К моему удивлению, хозяин оказался не аидом, а неказистым остзейским немцем с водянистыми глазами, кислым выражением лица и губами карпа, осторожно пробующего на вкус лежащую в иле манную прикормку со спрятанными в ней крючками на поводках. Судя по всему, он был подкаблучником – в Берлин его занесла железная теща, 93-летняя немецкая коммунистка, отсидевшая лет двадцать в ГУЛАГе и поселившаяся в Восточном Берлине еще в конце 1970-х, а также жена-грузинка, сильно похожая, по его словам, на еврейку, – но ему не хотелось в это вникать. Он был «совписом» и еще в шестидесятые сумел побывать в странах Бенилюкса, что, естественно, вызвало подозрение не только у меня, но и у немецких властей, которые отказали ему в смене места жительства, аргументируя так:

– Вы являлись членом КПСС, состояли в интимной связи с режимом и пользовались привилегиями!

Он был возмущен незаслуженным оскорблением и доказывал чиновникам, что происходит из семьи репрессированных. По его словам, госбезопасность так настойчиво вербовала его в конце семидесятых в сексоты, что он вынужден был сбежать из Москвы на остров Сахалин и просидеть там до самой «перестройки»: ничего не вижу, никого не знаю. Именно там он подружился с отвязным молодым аккордеонистом, сосватавшим нам с женой через нечаянных московских родственников эту квартиру. Оба были меломанами. Теперь он подозревал этого аккордеониста, своего бывшего квартиранта, в пропаже напольных весов и каких-то книг. Мог пропить их и я, однако, приглядевшись к своим новым квартирантам, хозяин заявил на всякий случай:

– Жена Цезаря, как говорится, выше всяких подозрений!..
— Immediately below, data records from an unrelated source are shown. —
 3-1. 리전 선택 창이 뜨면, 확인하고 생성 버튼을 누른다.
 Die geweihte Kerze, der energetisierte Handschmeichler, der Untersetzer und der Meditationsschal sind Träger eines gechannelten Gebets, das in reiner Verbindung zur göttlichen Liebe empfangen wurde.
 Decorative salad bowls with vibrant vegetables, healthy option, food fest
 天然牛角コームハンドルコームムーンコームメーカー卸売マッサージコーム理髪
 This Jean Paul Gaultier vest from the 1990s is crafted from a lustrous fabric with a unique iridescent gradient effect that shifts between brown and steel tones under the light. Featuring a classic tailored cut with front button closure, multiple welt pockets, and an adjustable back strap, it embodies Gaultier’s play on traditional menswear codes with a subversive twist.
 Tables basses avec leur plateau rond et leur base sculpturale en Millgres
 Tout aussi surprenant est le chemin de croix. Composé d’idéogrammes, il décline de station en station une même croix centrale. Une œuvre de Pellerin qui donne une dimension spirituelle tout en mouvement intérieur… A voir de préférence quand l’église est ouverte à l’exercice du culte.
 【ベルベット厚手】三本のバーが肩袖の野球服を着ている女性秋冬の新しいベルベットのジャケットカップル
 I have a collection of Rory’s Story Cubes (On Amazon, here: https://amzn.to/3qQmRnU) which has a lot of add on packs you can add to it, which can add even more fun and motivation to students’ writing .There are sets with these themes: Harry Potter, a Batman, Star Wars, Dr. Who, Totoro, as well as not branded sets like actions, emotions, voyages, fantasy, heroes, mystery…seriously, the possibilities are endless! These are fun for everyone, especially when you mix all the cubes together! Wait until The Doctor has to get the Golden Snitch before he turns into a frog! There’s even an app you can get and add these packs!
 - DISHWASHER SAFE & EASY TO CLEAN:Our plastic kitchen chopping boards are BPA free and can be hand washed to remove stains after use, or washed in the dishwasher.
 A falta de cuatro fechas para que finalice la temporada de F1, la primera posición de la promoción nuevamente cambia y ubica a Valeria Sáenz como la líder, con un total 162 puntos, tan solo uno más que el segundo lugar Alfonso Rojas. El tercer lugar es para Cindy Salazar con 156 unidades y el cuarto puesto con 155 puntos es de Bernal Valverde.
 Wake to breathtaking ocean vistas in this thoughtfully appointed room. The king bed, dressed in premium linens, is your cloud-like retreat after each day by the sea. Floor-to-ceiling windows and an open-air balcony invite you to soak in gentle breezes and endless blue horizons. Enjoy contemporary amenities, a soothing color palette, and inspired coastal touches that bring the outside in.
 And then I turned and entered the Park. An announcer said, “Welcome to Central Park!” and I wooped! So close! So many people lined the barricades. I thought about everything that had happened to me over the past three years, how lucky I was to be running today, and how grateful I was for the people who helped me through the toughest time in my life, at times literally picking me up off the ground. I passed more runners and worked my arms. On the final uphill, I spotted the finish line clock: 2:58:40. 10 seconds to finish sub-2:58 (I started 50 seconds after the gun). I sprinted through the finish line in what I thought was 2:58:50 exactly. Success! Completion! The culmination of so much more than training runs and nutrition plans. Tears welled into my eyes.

К тому же ему хотелось печататься в России, и он надеялся, что я, печатаясь и здесь, и в Германии, способен составить ему протекцию в изменившейся ситуации.

После перенесенного туберкулеза он не выносил табачного дыма, что осложнило мне жизнь на три недели его пребывания. Его невроз требовал постоянного звучания классической музыки. Поэтому он перетащил в свою комнату музыкальный центр и копался в книгах, бумагах и вещах, все время что-то насвистывая. Я понял, что не зря возненавидел когда-то то, без чего он существовать не мог. Он столовался с нами и постепенно приходил в себя. Что Изя не сам повесился, хозяин не сомневался – а он знал его куда лучше меня, но и в эту историю ему не захотелось вникать. Только его испугом, страхами и опасениями можно объяснить, что нам удалось пересмотреть плату за квартиру после недавнего дефолта и уменьшить ее почти вдвое. Он показал мне выборку объявлений по Ясеневу, скачанную его доверенным лицом из Интернета, я показал ему газету «Из рук в руки» с ценами наполовину ниже, и мы договорились. Безапелляционный солнечный идиотизм и ангелы всегда мне помогали. Напоследок он нас познакомил со своим сыном от первого брака. Парень работал в банке, был воцерковлен, безуспешно трудился над обращением собственного отца, да нечаянно оскоромился нашим красным борщом, – осенью он еще преподнесет нам сюрприз. С хозяином мы сговорились об августовской «рокировке»: мы в отпуск, а он опять в Москву на месяц.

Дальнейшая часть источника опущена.